Hold On 'til the Night is the debut studio album by American singer Greyson Chance. The album was released on August 2, 2011 by eleveneleven, Maverick Records, Streamline Records, and Geffen Records. Chance's album is the first to be released on Ellen DeGeneres' record label eleveneleven. The album's release was preceded by two singles, "Waiting Outside the Lines" and "Unfriend You". The album was recorded in Los Angeles and produced by The Matrix, Billy Steinberg and Ron Fair.

Singles
"Waiting Outside the Lines" was released as the first single on October 26, 2010 and as an EP release on April 19, 2011. The music video, directed by Sanaa Hamri, was released December 13, 2010.
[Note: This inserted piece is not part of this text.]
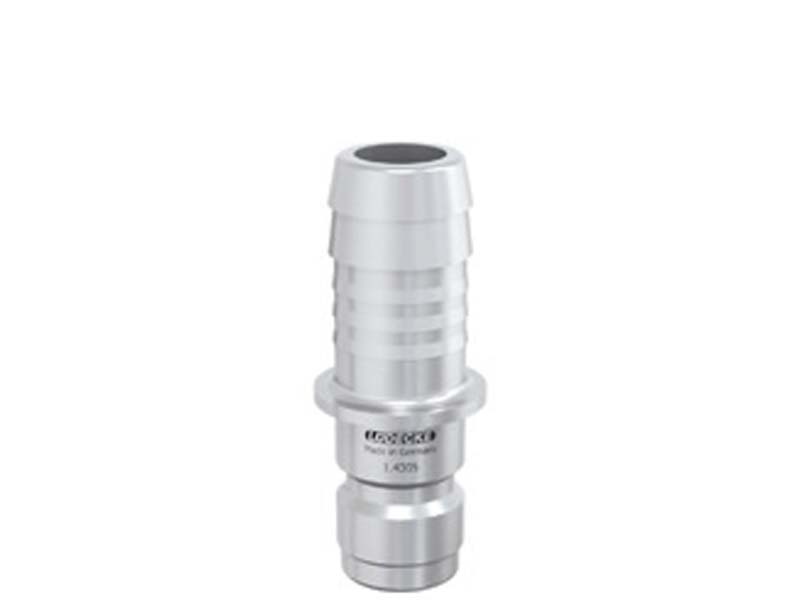 Wtyk szybkozłączki z króćcem do węża, wykonany ze stali szlachetnej.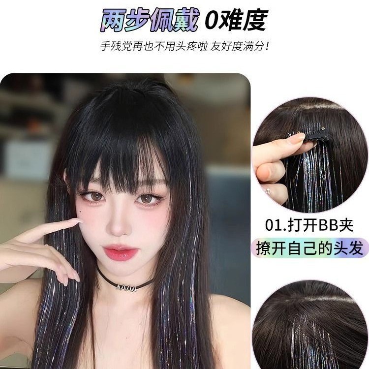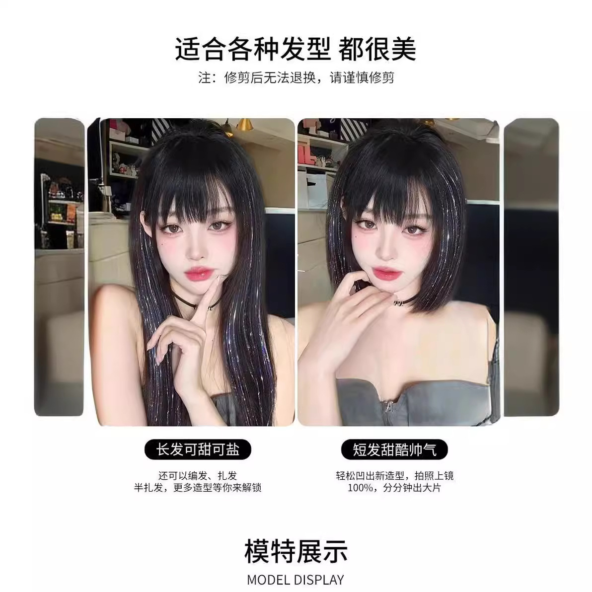 镭射挂耳染假发片无痕接发神器女团音乐节舞台一片式彩色头饰贴片

"Unfriend You" was released as the second single on May 17, 2011. The music video, which features Ariana Grande, was released on June 30, 2011.

"Hold On 'til the Night", the title track, is the third single from the album. A music video for the song was shot on November 6, 2011. The music video premiered on Friday, December 9 on VEVO.

"Take a Look at Me Now" was released in Asia on February 5, 2012 as the fourth single from the album.

Critical reception

Chance's debut album has received mixed to positive reviews. Us Magazine rewarded Chance with three stars and a positive review, claiming that he "outdoes himself with 10 originals". Entertainment Weekly gave Chance a positive review as well by complimenting his mature voice saying, "Chance reveals a surprisingly mature voice on 'Hold On 'Til the Night' ('Heart Like Stone' provides a welcome touch of outsider brooding), though the Facebook-spurred melodrama of 'Unfriend You' reminds listeners that he is, after all, just a kid." The overall grade for the album was a B. John Terauds of the Toronto Star gave it three-and-a-half stars, writing that "the boy's debut 10-track album is a solid effort that owes a massive debt to the boy bands of the 1990s" and ended with, "This YouTube phenom is standing on solid artistic ground here."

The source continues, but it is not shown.